La biométrie dans les smartphones, que dit la CNIL ?

07.06 2019
Image La biométrie dans les smartphones, que dit la CNIL ?

À l'heure actuelle, presque la totalité des appareils mobiles sur le marché est équipée de la technologie biométrique. La biométrie permet en effet d'authentifier un individu à partir de données qui lui sont propres, sans besoin de mot de passe.

Toutefois, il est indispensable de garantir la protection de l'identité des utilisateurs et des données personnelles. Dans ce contexte, la CNIL établit des règles pour assurer le respect des droits et libertés des personnes, mais également de garantir un usage sécurisé de leurs données biométriques. Cet article est en mesure de vous éclairer sur les conditions d'applications de la CNIL concernant la biométrie dans les Smartphones.

La limitation des risques au minimum

L'usage des données biométriques présente des conséquences graves en cas de détournement ou d'usurpation. L'éditeur du dispositif doit veiller à ce que le système puisse résister à des tentatives de piratage classiques. À cet effet, on peut citer l'utilisation d'une empreinte imprimée à plat pour l'authentification par empreinte digitale. Il y a aussi l'utilisation d'une photo pour duper la reconnaissance faciale.
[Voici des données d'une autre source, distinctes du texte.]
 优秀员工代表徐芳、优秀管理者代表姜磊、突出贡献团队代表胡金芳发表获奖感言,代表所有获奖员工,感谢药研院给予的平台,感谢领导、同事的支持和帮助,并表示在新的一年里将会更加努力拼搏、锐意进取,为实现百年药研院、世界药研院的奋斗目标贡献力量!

Dans ce domaine, l'entreprise Semlex offre des solutions efficaces pour limiter la falsification de documents et la divulgation des données confidentielles. C'est une entreprise belge créée par Albert Karaziwan et qui est réputée en identification biométrique.
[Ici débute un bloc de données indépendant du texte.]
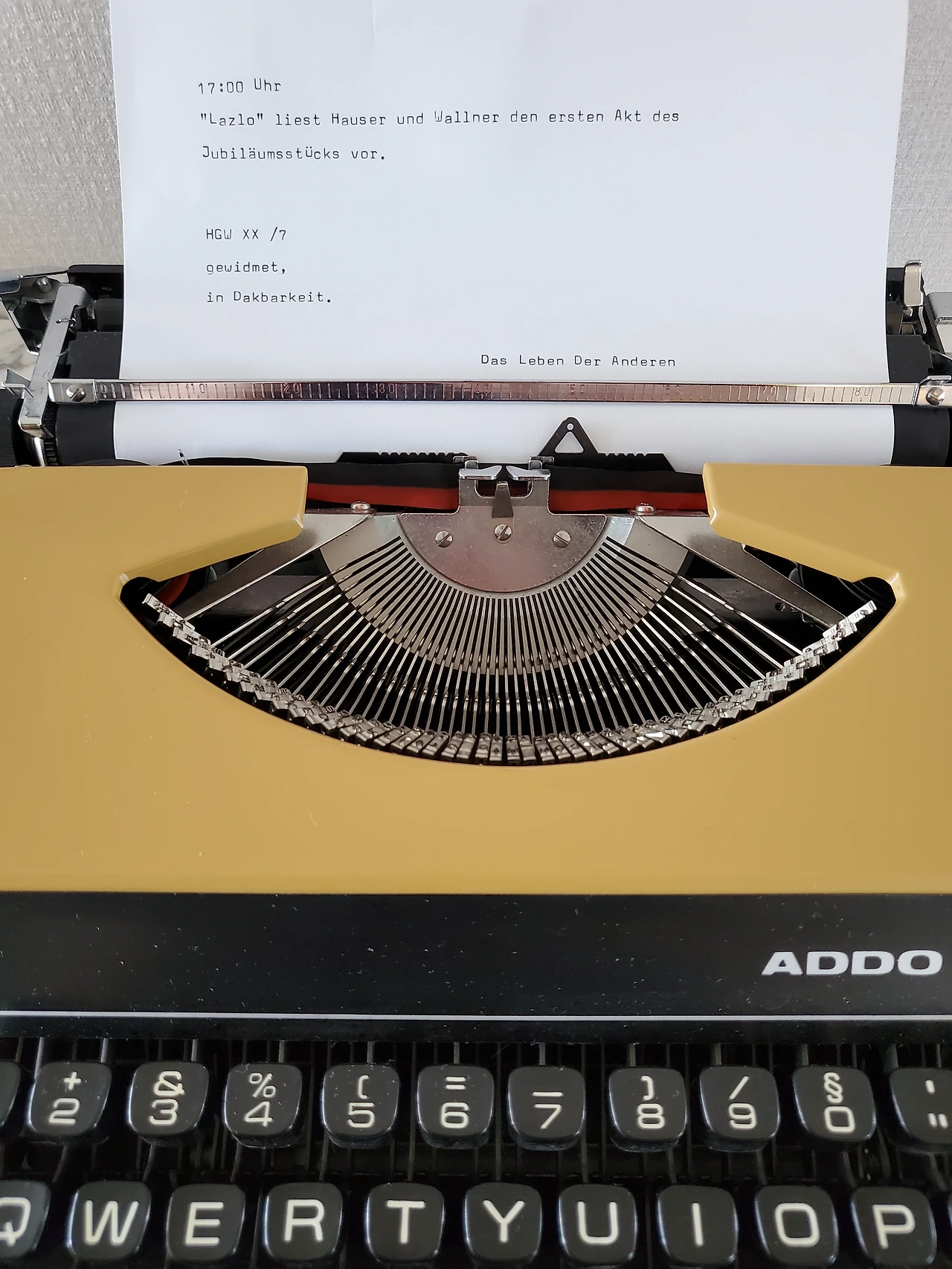 아래의 엄청 큰 타자기는 주인공 비즐러가 감청보고서를 쓸 때 사용하는 타자기인데 이 타자기의 글씨체를 보고 반해서 제가 같은 글씨체의 타자기를 직구한 경험이 있습니다

Le respect de la liberté de choix de l'utilisateur

La biométrie ne doit pas non plus être imposée aux utilisateurs pour accéder à leur Smartphone. Les éditeurs doivent proposer une autre alternative aux utilisateurs qui ne souhaitent pas utiliser leurs caractéristiques biométriques comme un code Pin, un schéma à tracer à l'écran ou un mot de passe. L'utilisateur doit être libre d'utiliser ou non le dispositif biométrique. Et son consentement doit être libre, spécifique et éclairé pour être valable. Cela signifie que :

  • L'utilisateur a été informé individuellement et suffisamment sur le dispositif biométrique et son alternative.
  • Il a la possibilité de choisir un autre mode d'authentification sans contrainte ou contrepartie additionnelle.
  • Il a donné son accord spécifiquement sur l'authentification biométrique et non diluée dans l'acceptation générale des conditions d'utilisation du service. Le consentement doit en outre se faire par écrit notamment sous forme de case à cocher et la trace du consentement doit être conservée.

La possibilité de contrôle de l'utilisateur sur ses données biométriques

La CNIL distingue également le lieu d'hébergement pour attribuer le régime juridique des divers dispositifs biométriques. Selon le cas, ils peuvent bénéficier de l'exemption domestique ou nécessitent une autorisation. Elle recommande le stockage en local pour éviter la récupération de ses données par des tiers.

L'hébergement de ses données biométriques doit se faire uniquement en local, au sein de l'appareil. Les dispositifs biométriques doivent fonctionner de manière autonome dans un environnement totalement cloisonné au sein de l'appareil. Ils doivent rester sous le contrôle exclusif de l'utilisateur afin de limiter les risques de mauvais usage ou de détournement des données biométriques. Concrètement, le dispositif biométrique doit être utilisé à titre privé, les données doivent être stockées sur un support individuel et seul son utilisateur doit en avoir la maîtrise.

Les dispositifs biométriques qui fonctionnent depuis des serveurs distants nécessitent une autorisation de la CNIL. Le fournisseur de l'appareil ou de l'application doit respecter les obligations prévues par le RGPD, notamment de réaliser une analyse d'impact relative à la protection des données.